The second-biggest holding in Cathie Wood's biggest ETF is begging to be bought
Jason Hall (Teladoc Health): Cathie Wood looks like a believer in the potential for telemedicine and virtual healthcare; only second to Tesla, Teladoc Health makes up more than 5% of the ARK Innovation ETF (ARKK 0.69%) as of Aug. 27, 2021.
So what makes Teladoc Health so emphatically a Cathie Wood stock? One very important reason is the mega trends that are driving its prospects. The demographic shift in the U.S. and other developed countries of baby boomers entering their senior years is huge. The last boomer will turn 65 in 2029, pushing the 65-plus population above 80 million in the U.S. -- double the count in 2010. Seniors use significantly more healthcare than younger people, and technology that can improve access to care, lower costs, and improve patient outcomes will be critical to serving the needs of the burgeoning seniors population. That's Teladoc.

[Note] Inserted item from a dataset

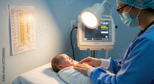 A healthcare professional gently examines a wrapped newborn in a clinical setting, with a bright light illuminating the baby and medical equipment monitoring nearby

The recent results back up its potential. Teladoc reported 109% revenue growth in the second quarter, and patient visits increased 28% to over 3.5 million. The company also announced agreements to expand use of its chronic care solutions and mental health services -- more ways telehealth and technology can improve the lives of people while also lowering the costs of care for providers.
To put it plainly, we are seeing evidence that Teladoc isn't a COVID-19 stock. Yet shares are still down more than half from the high, representing a great opportunity to buy this top Cathie Wood stock and hold on to it for years to come.
Spotify podcasting ambitions are a gamechanger
Jamal Carnette (Spotify): This company is down nearly 30% year to date, a drastic reversal from the 110% return last year. Spotify has unfairly been branded a stay-at-home stock and has seen shares decline along with many other high-growth technology names. Although the stock might be taking a breather, the company is well on its way to solving its biggest problem -- powerful suppliers.
The music industry is notoriously concentrated with the "Big 3" record labels representing a whopping 68% share of the total market. Against that backdrop, the music industry can demand lucrative rights fees, making it difficult for Spotify to make a profit. This is particularly true in regard to the bulk of Spotify's monthly active users whose listening is supported by advertisements.
Spotify's goal is to eventually turn many of these ad-supported listeners into more lucrative subscribers, but that's a more difficult process when competing against free outlets like radio and other options like Apple Music.
However, Spotify might have found the cheat code to boost subscriptions while pushing back against a powerful supplier: exclusive podcasts. Not only are podcasts popular with listeners, but they also have the added benefit of not being represented by music labels.
Boosted by popular podcaster Joe Rogan, Spotify continues to increase the number of paying subscribers. Last quarter the company added 27 million subscribers over the prior year to 165 million, a figure that came in at the top of management's expectations. As a result, Spotify's $2.75 billion in revenue topped analyst expectations of $2.23 billion.
Spotify's success in podcasting is getting Big Tech's attention. Two of the FAANG cohorts -- Apple and Netflix --have announced initiatives to move more forcefully into the format, with Apple starting a new podcast subscription service and Netflix hiring executives to bolster its audio offerings. It's clear that podcasting is becoming more popular with consumers, and no company is likely to benefit as much as Spotify.